Un documento recente, presentato da Nansook Park e da me, ha sostenuto che i documenti di maggiore impatto, almeno in psicologia, tendono ad avere disegni molto semplici e ad analizzare i loro dati in modi molto semplici. Il nostro consiglio da questi risultati? Mantenerlo semplice, o almeno abbastanza semplice per le altre persone – colleghi ricercatori e il pubblico in generale – per capire cosa è stato fatto e perché. Pensa al classico studio di Milgram sull'obbedienza, o ai provocatori studi di Rosenhan su "essere sano di mente in posti folli", o sugli studi di Darley e Latané su spettatori insensibili.
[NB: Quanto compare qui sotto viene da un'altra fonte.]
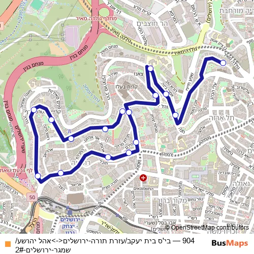 The first stop of the 904 bus route is בי'ס בית יעקב/עזרת תורה and the last stop is אהל יהושע/שמגר. 904 (בי'ס בית יעקב/עזרת תורה-ירושלים<->אהל יהושע/שמגר-ירושלים-2#) is operational during כל יום.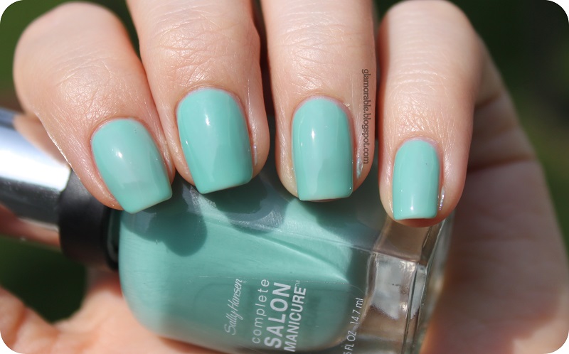 Oh my, I just had to make another Mani Monday post for this! Earlier today I received my Allure Summer Beauty Bag and one of the items in it was this gorgeous nail polish by Sally Hansen. I didn’t think about the color when I first saw it in the bottle, but after my nails were dry, I realized that it’s an almost perfect Tiffany blue! I was so excited I went a little swatch crazy, so here’s the result of that 🙂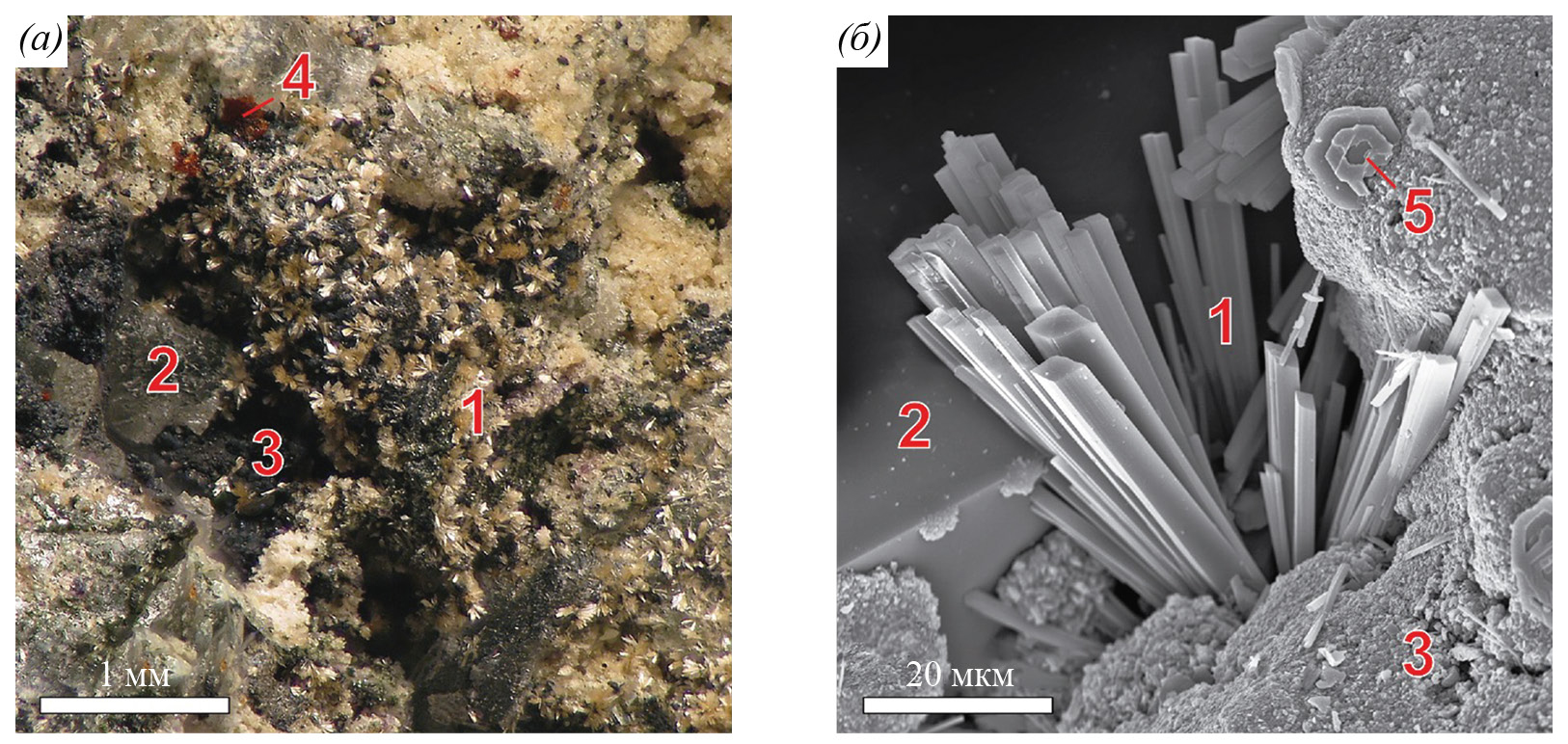 Рис. 3. Лучистые агрегаты кристаллов икорскиита (1), растущих на кристаллах кальцита (2), покрытых романешитом (3), манганонептунитом (4) и стронцианитом (5), из кварц-кальцитовой линзы в ийолит-уртите горы Кукисвумчорр.

Che cosa ha fatto Haslam? Ha esaminato le citazioni fino a marzo 2009 su articoli pubblicati dal 2002 al 2007 in tre riviste di psicologia ben pubblicizzate che pubblicano sia brevi relazioni (definite dalla lunghezza delle parole) che articoli più lunghi. A rigor di termini, stava valutando l'impatto a breve termine, ma non ci sono buone ragioni per pensare che un periodo di tempo più lungo avrebbe cambiato le sue conclusioni.

I conteggi delle Forze Brute-Force non sono l'unica misura dell'impatto di un articolo scientifico, ma a parità di condizioni, ci dicono qualcosa. Allora, cosa ci dicono i risultati di Haslam?

Articoli più lunghi sono infatti citati più di articoli più brevi, ma non così drammaticamente. Infatti, se il numero di citazioni per un articolo è proporzionale alla sua lunghezza, allora gli articoli più brevi tendono ad essere citati più frequentemente; cioè, più citazioni per pagina.

Le riviste di stampa hanno limitazioni di pagina e una rivista che privilegia articoli più lunghi ne pubblica necessariamente meno, con l'effetto netto di un minor numero di citazioni sul diario. Haslam ha concluso che gli articoli brevi, collettivamente, si traducono in una scienza più incisiva.

A chi importa dei conteggi delle citazioni? Pochissimi di noi, ne sono sicuro, ma questo post di blog è un falso capo. Non si tratta di rapporti scientifici. Riguarda noi e il mondo sociale in cui viviamo e lavoriamo. Ciò che è dolce per te o me potrebbe non essere dolce per noi.

Pensaci in questo modo la prossima volta che sei tentato di dominare una conversazione. Pensaci alla prossima volta che hai l'ultima parola, dopo aver anche la prima parola e la maggior parte di quelli in mezzo. Pensaci alla prossima volta che imposti un ordine del giorno che ti rappresenta e principalmente te.

Forse qualcun altro ha qualcosa da aggiungere, ma è necessario dare loro la stanza per farlo.

Riferimenti

Haslam, N. (2010). Scienza dei morsi: impatto relativo dei formati di articoli brevi. Prospettive sulla scienza psicologica, 5, 263-264.

Merton, RK (1968). L'effetto Matthew nella scienza. Scienza, 159, 56-63.

Peterson, C., & Park, N. (2010). Semplicità: l'impatto duraturo della ricerca minimamente sufficiente. The Psychologist, 23, 398-400.